_WORK TO BE COMPLETED_: Everything from the line with "Seven battle-hardened riflemen" to the end of the entries should be set down exactly, except the pictures.

_INFORMATION GIVEN_:

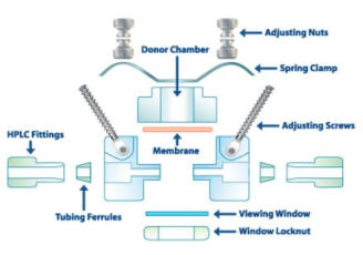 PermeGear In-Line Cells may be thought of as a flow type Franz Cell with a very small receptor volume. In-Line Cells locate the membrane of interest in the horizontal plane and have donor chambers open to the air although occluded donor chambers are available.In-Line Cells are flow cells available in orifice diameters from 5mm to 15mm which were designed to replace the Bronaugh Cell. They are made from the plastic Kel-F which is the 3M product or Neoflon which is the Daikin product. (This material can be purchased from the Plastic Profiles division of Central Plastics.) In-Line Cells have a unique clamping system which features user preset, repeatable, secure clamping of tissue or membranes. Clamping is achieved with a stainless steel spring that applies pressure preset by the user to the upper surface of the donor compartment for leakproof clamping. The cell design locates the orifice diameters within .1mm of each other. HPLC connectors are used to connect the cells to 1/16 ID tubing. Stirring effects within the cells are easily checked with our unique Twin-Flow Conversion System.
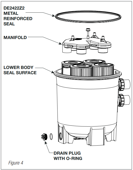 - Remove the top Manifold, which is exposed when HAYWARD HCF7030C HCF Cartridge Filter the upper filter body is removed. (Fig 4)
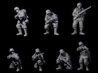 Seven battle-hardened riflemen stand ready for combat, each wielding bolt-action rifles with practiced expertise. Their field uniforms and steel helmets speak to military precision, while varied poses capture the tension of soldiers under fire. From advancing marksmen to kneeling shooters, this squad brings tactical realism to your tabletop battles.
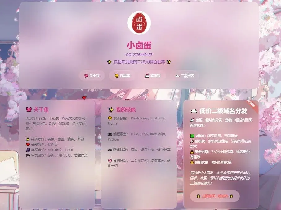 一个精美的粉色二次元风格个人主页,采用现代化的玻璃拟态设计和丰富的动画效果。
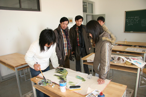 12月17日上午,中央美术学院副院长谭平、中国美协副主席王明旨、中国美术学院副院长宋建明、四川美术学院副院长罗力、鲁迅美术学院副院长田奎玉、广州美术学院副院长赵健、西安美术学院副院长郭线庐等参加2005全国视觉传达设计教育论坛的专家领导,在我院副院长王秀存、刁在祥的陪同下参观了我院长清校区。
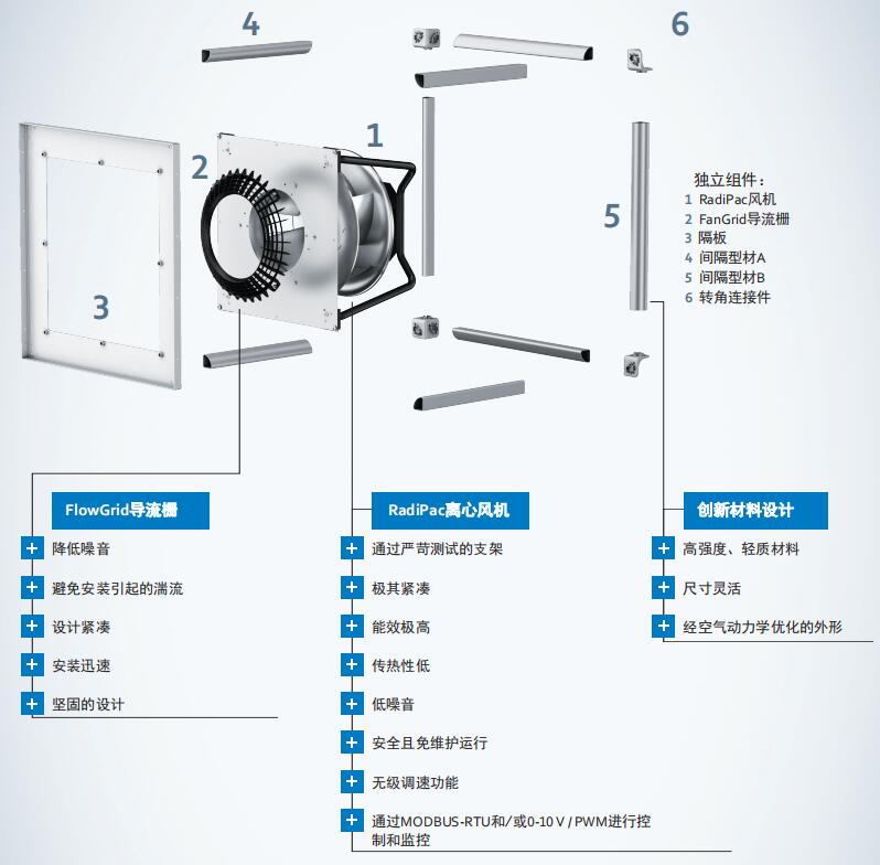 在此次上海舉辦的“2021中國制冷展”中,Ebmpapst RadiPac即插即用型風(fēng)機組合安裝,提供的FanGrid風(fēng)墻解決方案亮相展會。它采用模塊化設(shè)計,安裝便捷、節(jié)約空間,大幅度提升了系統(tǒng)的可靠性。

_COMPLETED EXERCISE_:
 Seven battle-hardened riflemen stand ready for combat, each wielding bolt-action rifles with practiced expertise. Their field uniforms and steel helmets speak to military precision, while varied poses capture the tension of soldiers under fire. From advancing marksmen to kneeling shooters, this squad brings tactical realism to your tabletop battles.
 一个精美的粉色二次元风格个人主页,采用现代化的玻璃拟态设计和丰富的动画效果。
 12月17日上午,中央美术学院副院长谭平、中国美协副主席王明旨、中国美术学院副院长宋建明、四川美术学院副院长罗力、鲁迅美术学院副院长田奎玉、广州美术学院副院长赵健、西安美术学院副院长郭线庐等参加2005全国视觉传达设计教育论坛的专家领导,在我院副院长王秀存、刁在祥的陪同下参观了我院长清校区。
 在此次上海舉辦的“2021中國制冷展”中,Ebmpapst RadiPac即插即用型風(fēng)機組合安裝,提供的FanGrid風(fēng)墻解決方案亮相展會。它采用模塊化設(shè)計,安裝便捷、節(jié)約空間,大幅度提升了系統(tǒng)的可靠性。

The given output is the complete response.